2. Tips for retaining muscles: Limei is a complete protein , which is rich in amino acids necessary for the human body; chicken breast is a typical representative of low-fat and high-protein . Combining the two can maximize satiety during the fat loss phase , protect muscles from loss, and maintain a higher basal metabolic rate .
When it comes to the secret to soft-boiled eggs, in addition to precise timing, the freshness of the eggs is also extremely critical. If the eggs are not fresh, the whites will tend to fall apart when cooked. In addition, after taking it out of the ice water, gently crack the eggshell and peel it in the water, so that you can peel out a particularly smooth egg.

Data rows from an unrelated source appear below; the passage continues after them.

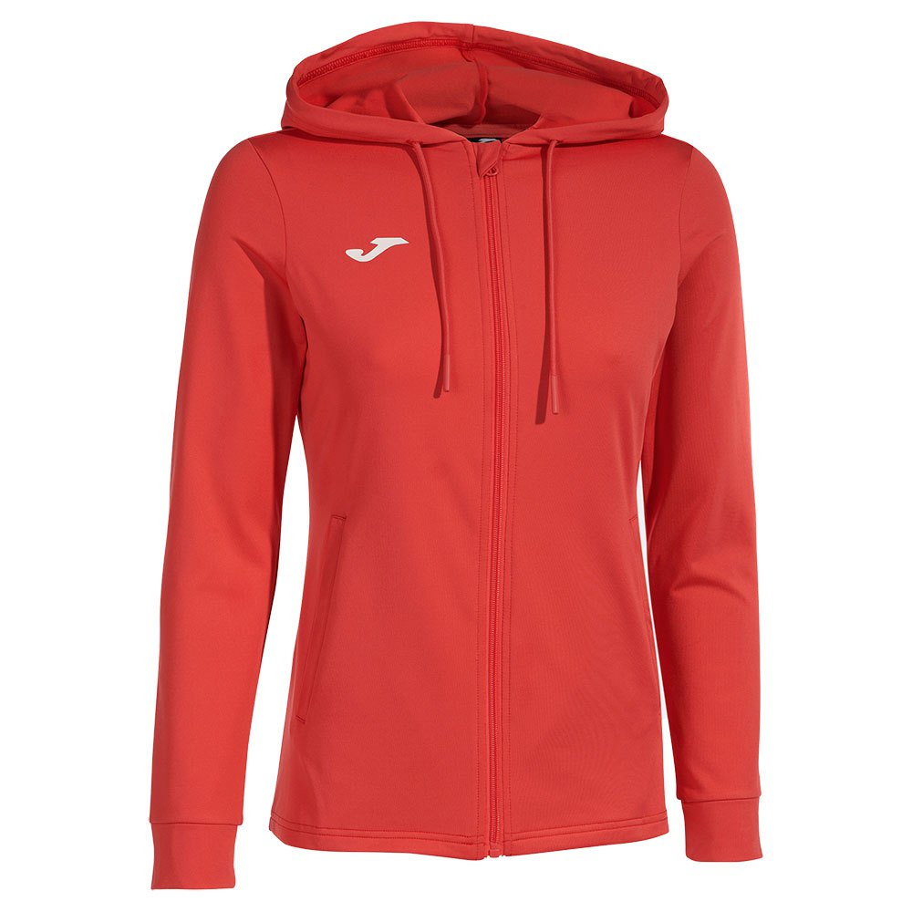 Sudadera Con Cremallera Para Mujer/Niña, Diseñada Para Entrenamiento Y Competición. Modelo de tenis y pádel cómodo, suave y cálido. Todo lo que necesitas para facilitar tu progreso en el campo, incluso después del entrenamiento. Esta chaqueta abierta tiene un cierre de cremallera completo protegido por una solapa de tela base. Además, Incorpora Capucha Ajustable Mediante Cordones, Puños Elásticos Para Un Mejor Aislamiento Del Frío Y Dos Bolsillos Frontales Con Ribete. En ellos, el tenista puede guardar cómodamente pequeños objetos personales, como llaves o el móvil. Está Confeccionado Con Tela Cómoda Y Cálida. El Forro Polar Interior Protege Del Frío Y Brinda Resistencia Térmica Cuando Bajan Las Temperaturas. Por otro lado, es elástica, se adapta a la forma física del tenista y permite total libertad de movimientos. Se Caracteriza Por Un Diseño Monocromo Básico, Fácilmente Combinable Con Otras Prendas. Esta Chaqueta También Lleva El Logo De Joma Serigrafiado En La Parte Delantera.
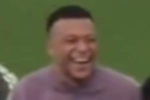 笑出表情包!姆巴佩赛前训练穿裆马斯坦托诺,大笑与维尼修斯握手
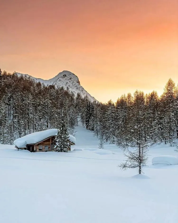 贝尔盖尔(Bergell)之间。这里没有拥挤的度假人潮,只有连绵的雪峰、冰封的湖泊与覆满白雪的松林,构成一幅宁静而壮丽的阿尔卑斯冬日画卷。

4. The soul lies in the sauce: Many people fail to lose weight because "eating grass" is really unbearable pain. This oil and vinegar sauce, which has been tempered with sugar substitutes, has a balanced acidity and saltiness, and also has a slight hint of sweetness, which can greatly increase your appetite and make you fall in love with eating grass from now on. Sugar substitute basically does not provide calories and is a perfect condiment for the weight loss stage.
This salad bowl only exists in one bowl. It is a salad bowl that is beautiful, delicious and nutritious in one. It is completely in line with the weight management concept advocated by the National Health Commission. It does not require complicated cooking skills. As long as you control these details, you can also easily make a professional-level fat-reducing meal at home that is not inferior to that of a light food restaurant. Let’s start from this meal and move towards health and lose weight together!